Отражения (Трилогия) - Иванова Вероника Евгеньевна. Страница 41
У меня есть занятная странность в характере, и, судя по тому, что оная странность проявляет себя с той поры, как я начал что-то соображать, этот порок — наследственный. Незаметно для самого себя я действую как «зеркало». То есть перенимаю у собеседника интонации и манеру излагать мысли. Особенно легко это происходит, если у меня хорошее и спокойное настроение: тогда я часами способен составлять компанию любому человеку, при этом очень редко буду говорить то, что думаю, — лишь то, что он хочет слышать. Такая особенность очень удобна для выживания, но, каждый раз превращаясь в «зеркало», я стараюсь себя одёрнуть и вернуться в прежнее состояние, потому что становиться отражением собеседника считаю невежливым и непристойным. И — обидным. Ведь тогда он говорит вовсе не с вашим покорным слугой, а с самим собой...
С другой стороны, моё «истинное» лицо — не самая привлекательная картина и понравится далеко не каждому. Я, например, не в восторге от своего характера. Но вводить в заблуждение людей, которые были добры ко мне... Это гнусно. Пусть лучше меня считают нервным и несдержанным, чем будут обманываться на мой счёт...
...За ужином Гизариус, донельзя довольный то ли собой, то ли тем, что вдвоём с Боргом им удалось меня «сломать», объявил, что со следующего дня я займусь новой работой, поскольку моё физическое состояние уже вполне сносное. Когда я осторожно поинтересовался, в чём именно будет заключаться сия работа, рот доктора растянулся в улыбке ещё шире (хотя, казалось бы, дальше некуда), и он провозгласил:
— Надо помочь одной старой женщине с огородом.
— С огородом?
— Он немного зарос, придётся выкорчевать пару кустиков...
Я обомлел.
— А что, в деревне нет здоровых мужиков, чтобы этим заняться?
— Да некогда им, — доктор махнул рукой. — В поле работать надо, для скотины корм заготавливать, да мало ли чего ещё?
— Ну да, конечно... Я — самая подходящая кандидатура, кто бы сомневался...
— Ничего, справишься.
— Разумеется, — кивнул я. — Если ещё кто-нибудь объяснит мне, как вообще корчуют «кустики»...
Мне объяснили. Но теория никогда не помогает на практике, и я только принял к сведению основные этапы и методы, которые мне описали Борг и Гизариус, крупные «специалисты» в вопросе корчёвки. Принц участия в беседе не принимал. Собственно говоря, его вовсе не было на кухне. Я обратил внимание на пустующее место за столом, но забыл поинтересоваться, в чём дело. Возможно, он плохо себя почувствовал... Надо ведь было спросить, но я предпочёл думать о своих проблемах. Эгоисты мы, когда есть возможность...
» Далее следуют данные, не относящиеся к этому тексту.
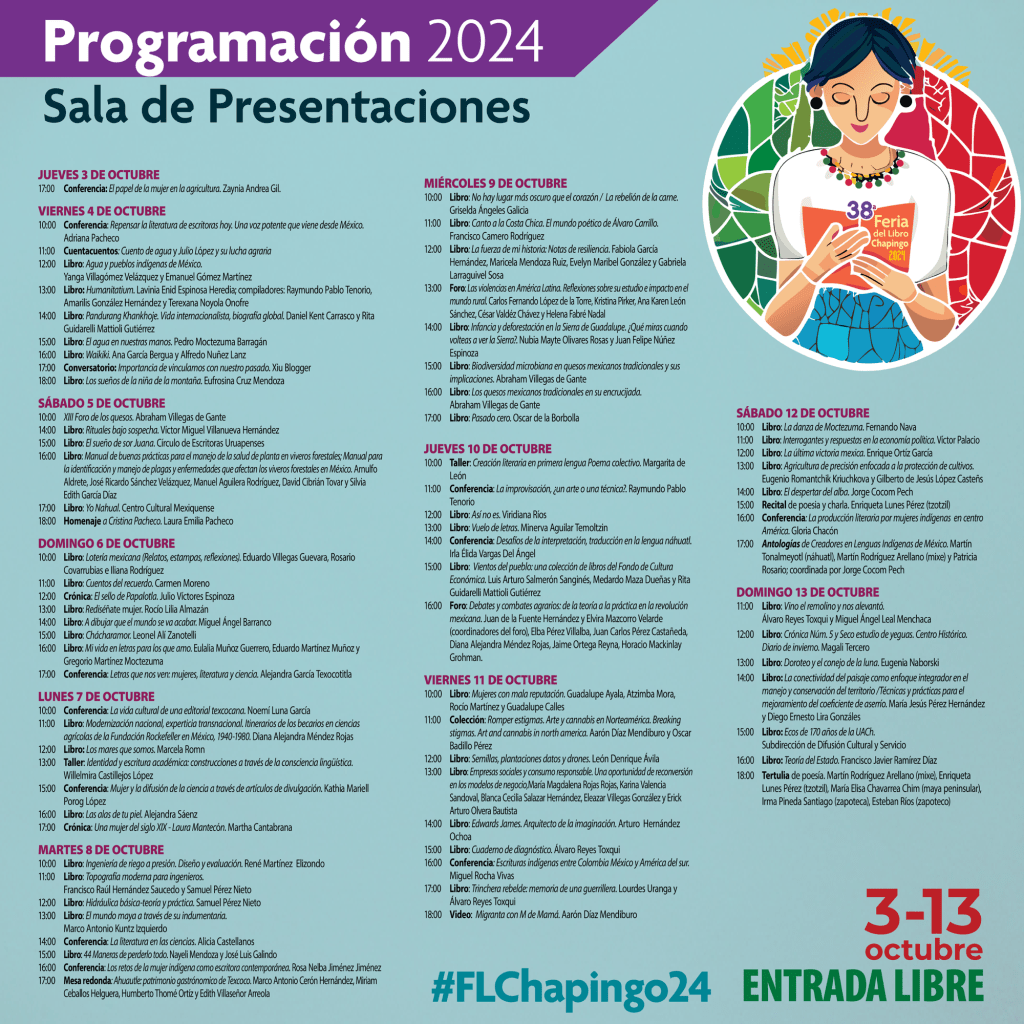 - 38a Feria del Libro Chapingo, Sala de Presentaciones. Domingo 6 de octubre, 10 h. Con la participación de la autora, Eduardo Villegas e Iliana Rodríguez.
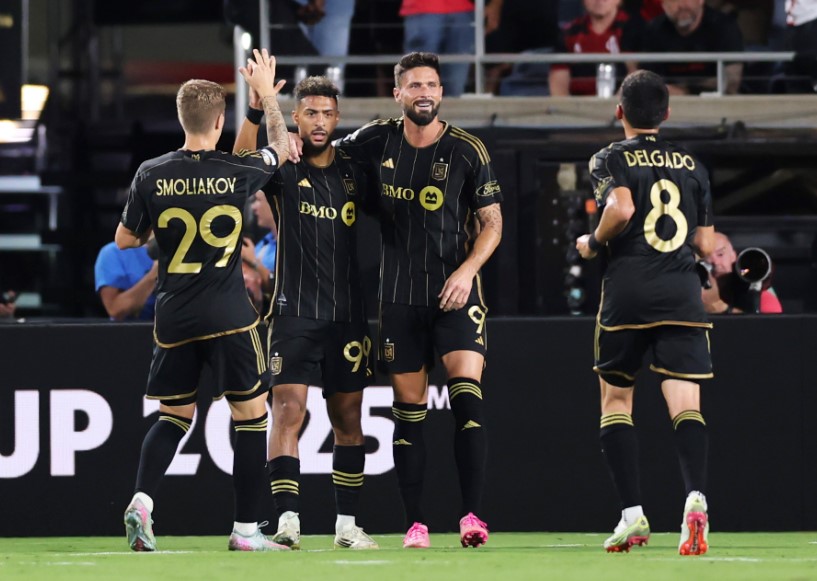 洛杉磯FC隊球員布安加(左二)與隊友慶祝進球。圖片來自國際足聯官方圖集
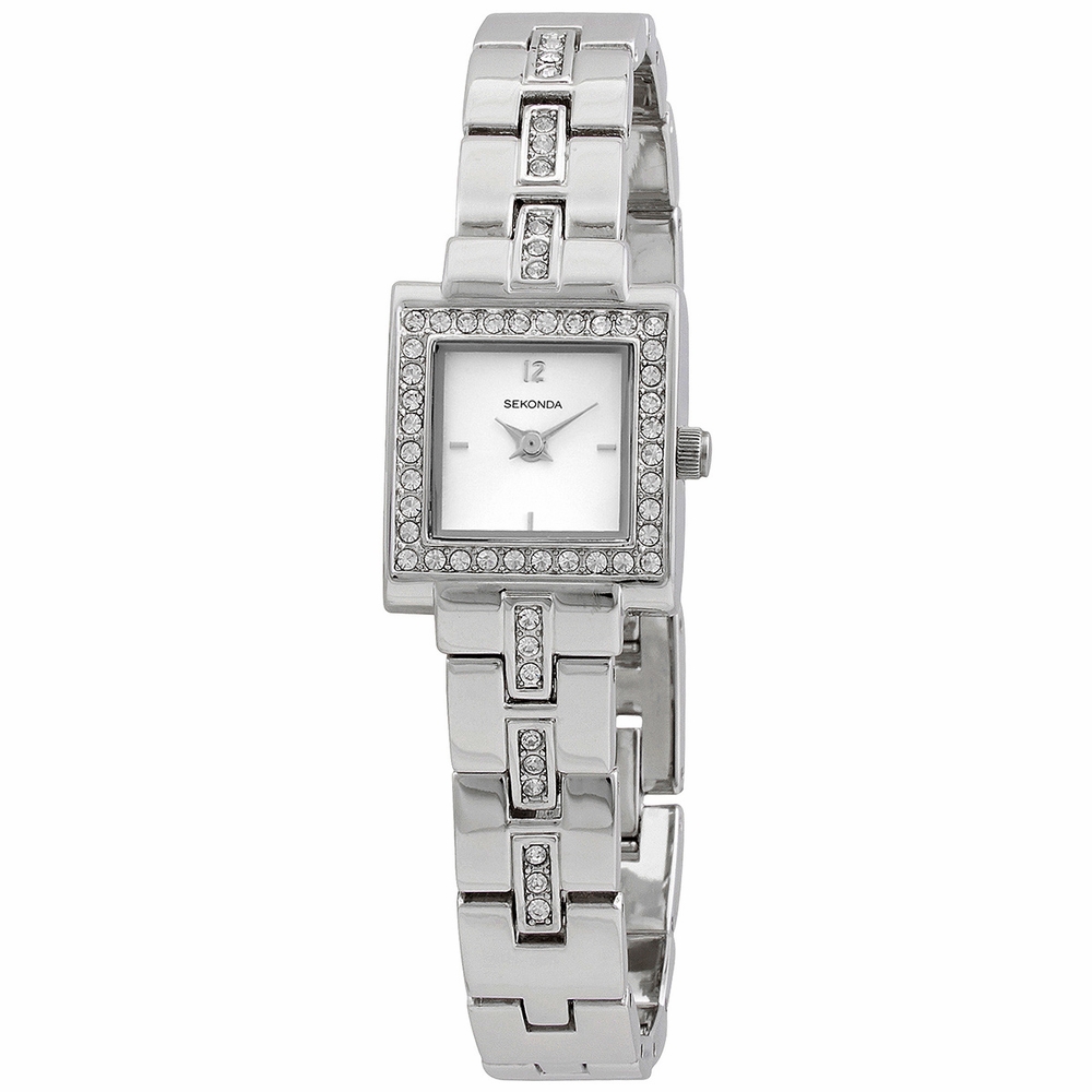 Silver-tone alloy case with a silver-tone alloy bracelet with crystal-set links. Fixed silver-tone alloy bezel set with crystals. Silver dial with silver-tone hands. An Arabic numeral appears at the 12 o'clock position. Index markers appear at the 3, 6 and 9 o'clock positions. Dial Type: Analog. Quartz movement. Scratch resistant mineral crystal. Pull / push crown. Solid case back. Square case shape. Case size: 19 mm. Jewelry clasp. Water resistant at 50 meters / 165 feet. Functions: hour, minute. Dress watch style. Watch label: Japan Movt. Sekonda Quartz Crystal Silver Dial Ladies Watch 4738.

Утром после завтрака я выяснил не только где находится дом старой женщины, но и то, что мне придётся тащить лом с собой. Сей факт привёл меня в неописуемый восторг, если учесть, что оная женщина жила на другой стороне деревни и я вполне мог бы не таскать железяку туда-сюда, а забрать по пути. Высказав все пришедшие в голову эпитеты по поводу рациональности приказов доктора, я натянул те самые короткие кожаные штаны (если мне придётся активно двигаться, в них я хотя бы не запутаюсь), одну из рубашек и сандалии, перекинул через плечо связку из двух старых сапог (топтать землю голыми ногами мне что-то не хотелось), подхватил лом и, одарив Гизариуса на прощание испепеляющим взглядом, поплёлся искать нужные мне дом и огород...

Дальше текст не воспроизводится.